There were some protests in Moscow at the beginning of the war, which I think were seen as classic anti-war protests. And there was more after this Putin speech. There are also nationalists who oppose the way the war is being waged, or are irritated that victory is nowhere near. Can you talk about how Putin balances this?
Nationalists haven’t really been on the streets since the war started, which is surprising, because in the past, particularly after the intervention in Crimea and eastern Ukraine in 2014, the Kremlin provided some support to nationalists to go out and hold pro-war rallies, calling on Russia to stand up and fight the West and Ukraine.

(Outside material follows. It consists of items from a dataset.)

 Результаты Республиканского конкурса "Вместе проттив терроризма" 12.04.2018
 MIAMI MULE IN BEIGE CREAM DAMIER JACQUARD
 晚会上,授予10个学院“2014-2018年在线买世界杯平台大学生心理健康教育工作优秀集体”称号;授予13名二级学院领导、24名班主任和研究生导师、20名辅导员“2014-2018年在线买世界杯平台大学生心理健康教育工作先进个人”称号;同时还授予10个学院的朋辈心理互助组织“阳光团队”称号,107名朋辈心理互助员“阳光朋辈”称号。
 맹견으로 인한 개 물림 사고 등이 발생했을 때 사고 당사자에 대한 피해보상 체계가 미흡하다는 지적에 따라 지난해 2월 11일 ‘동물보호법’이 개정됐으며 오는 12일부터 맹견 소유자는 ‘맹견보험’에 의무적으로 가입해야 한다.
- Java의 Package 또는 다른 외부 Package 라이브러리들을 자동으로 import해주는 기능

We haven’t seen that. Putin has actually held a rally, but none of the nationalist groups have done anything really visible in the streets.
The protests that we saw in February and March, the initial anti-war protests, which were sizable, attracted a number of communities that have long opposed Putin. These are the classic liberals and democrats of his, and people from libertarian groups, true anarchists and leftists. In fact, one of the groups that has been most prominent in the anti-war movement is called Feminist Resistance Against War. In these protests and mobilizations against the war, women, and in particular young women, had a prominent place, much more prominent than men.

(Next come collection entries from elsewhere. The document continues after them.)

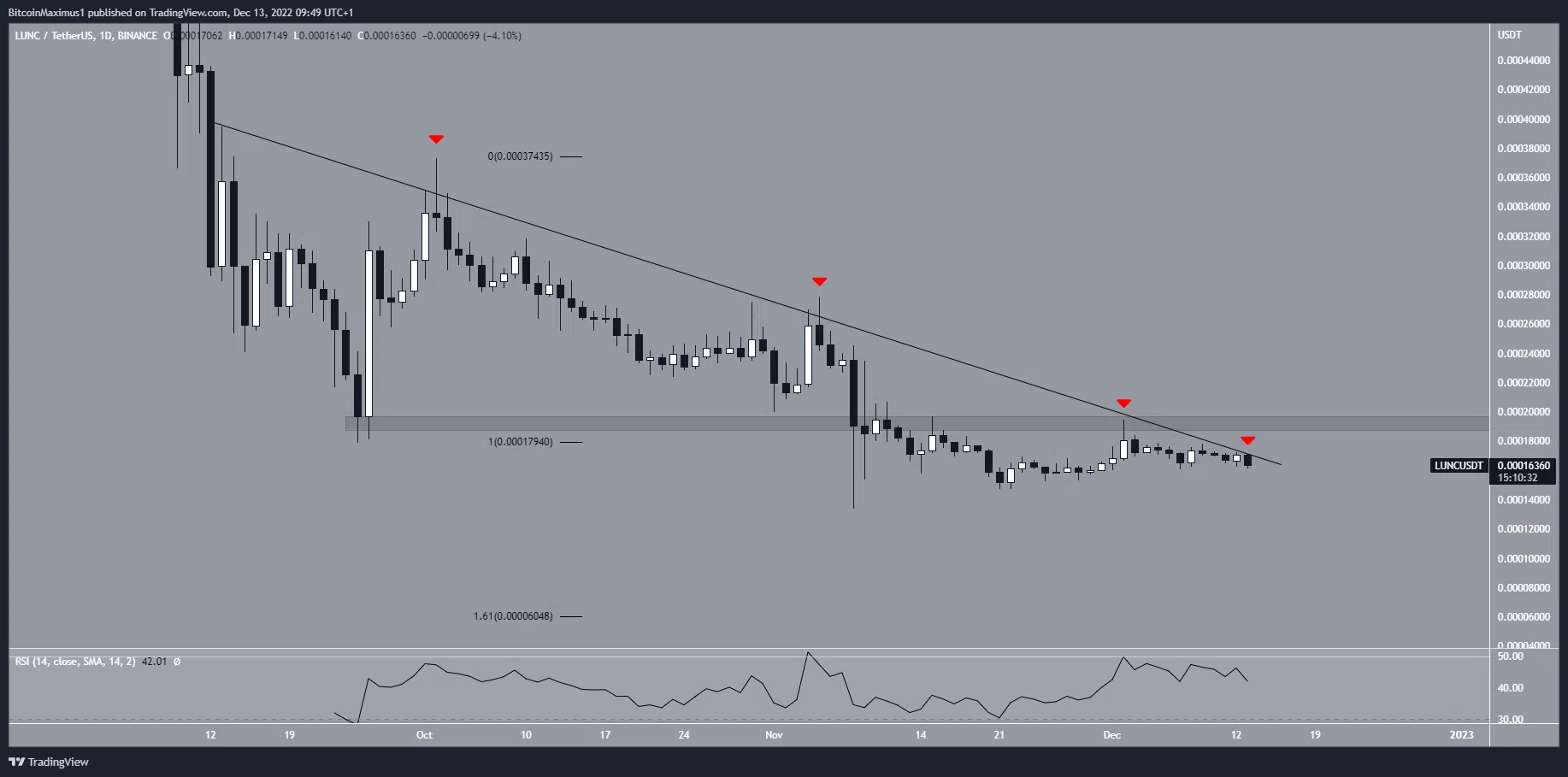 Le cours de la crypto LUNC décline sous une ligne de résistance descendante depuis le 12 septembre. Le mouvement de baisse a conduit à un creux de 0,00013 $ le 8 novembre. La ligne a jusque-là provoqué de nombreux rejets (flèches rouges), le plus récent remontant au 13 décembre.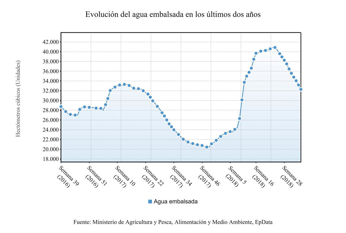 La reserva hidráulica se encuentra al 57,6 por ciento de su capacidad total esta semana, en la que ha decrecido en 901 hectómetros cúbicos, lo que representa el 1,6 por ciento de su capacidad total, según datos del Ministerio para la Transición Ecológica, que señala que en la actualidad aguardan 32.279 hectómetros cúbicos.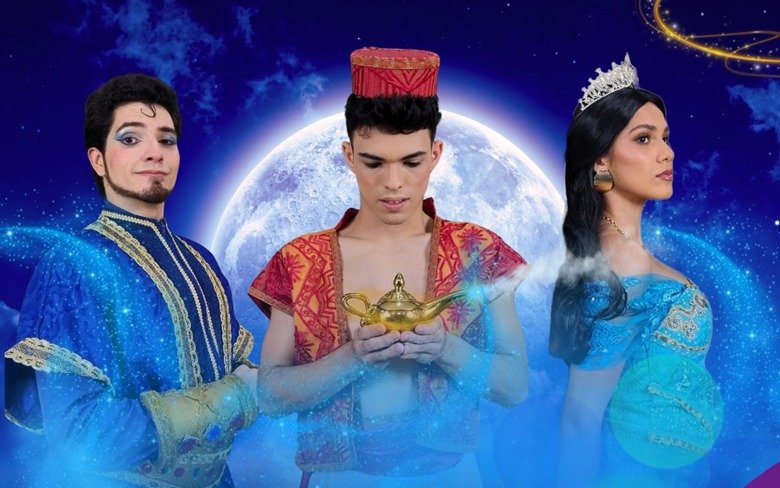 Na peça, vemos a vida de Aladdin mudar ao conhecer a princesa Jasmine, de Agrabah, e encontrar uma lâmpada mágica com um gênio. Entre tapetes voadores e desejos encantados, a trajetória de um dos ladrões mais conhecidos é contada com o apoio de uma trilha sonora envolvente, sob direção musical de Thiago Nunes, além de coreografias e sonoplastia assinadas por Yashimin Sobreira.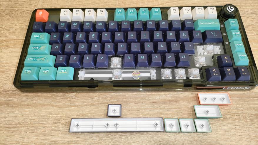| Переключатели | Leobog Ice Crystal: линейный механический тип, усилие 35+-3 грамм до срабатывания и 48+-3 мм до упора, ход до срабатывания от 1,8+-0,3 мм до 3,6+-0,3 мм; смазаны с завода; горячая замена есть |

The recent protests have a slightly different gender balance. We have seen more men, especially because they are the ones who are going to be called to serve. But it seems to be broadly the same kind of communities that have been trying to resist the war, and trying to resist Russia, from the beginning.

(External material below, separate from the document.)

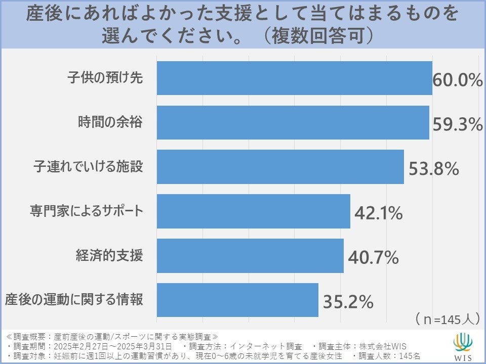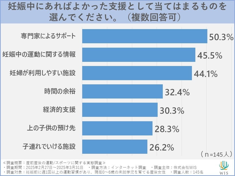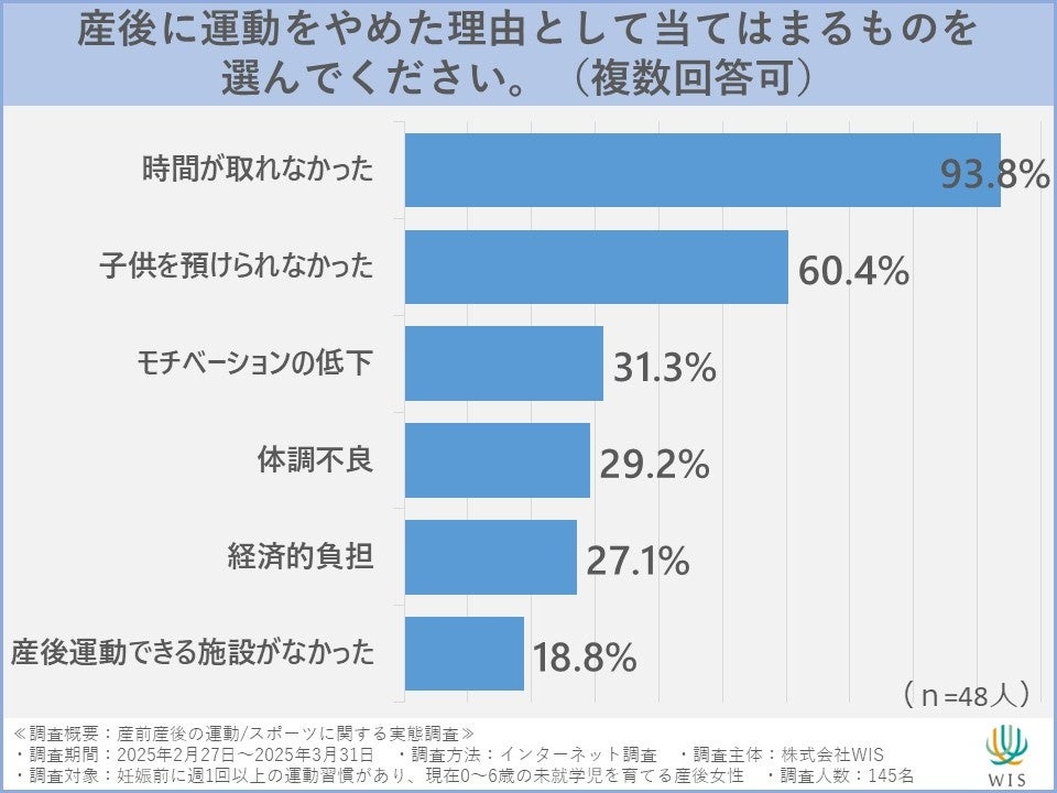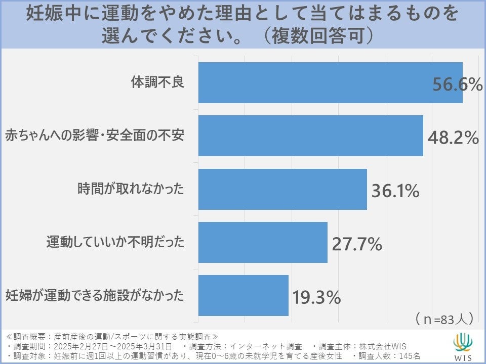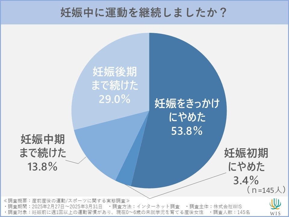 女性とスポーツの未来を創る株式会社WIS(本社:東京都渋谷区 代表取締役社長:平井晴子、以下WIS)は、2025年2月27日~3月31日、妊娠前に週1回以上の運動/スポーツ(以下、運動)を習慣的に行っていた、現在未就学児を育てる産後女性145人を対象に、運動に関するインターネット調査を実施しました。

Obviously, the anti-war protests in February and March were crushed. People basically chose between going into exile or passive resistance on the one hand and going to jail on the other. For many people, that was not a difficult decision to make, but it was made without any real consequences. The sentiment was, “Look, this is a war we can’t stop. Maybe we can do some things to help the Ukrainians.” But there was no risk in it for individuals. Whereas now, particularly for young men, there is a very real risk of being called up and sent to fight in the Ukraine, so it clearly sharpens many people’s minds.
Does Putin really fear extreme nationalists as a threat to his regime, or just in terms of public opinion?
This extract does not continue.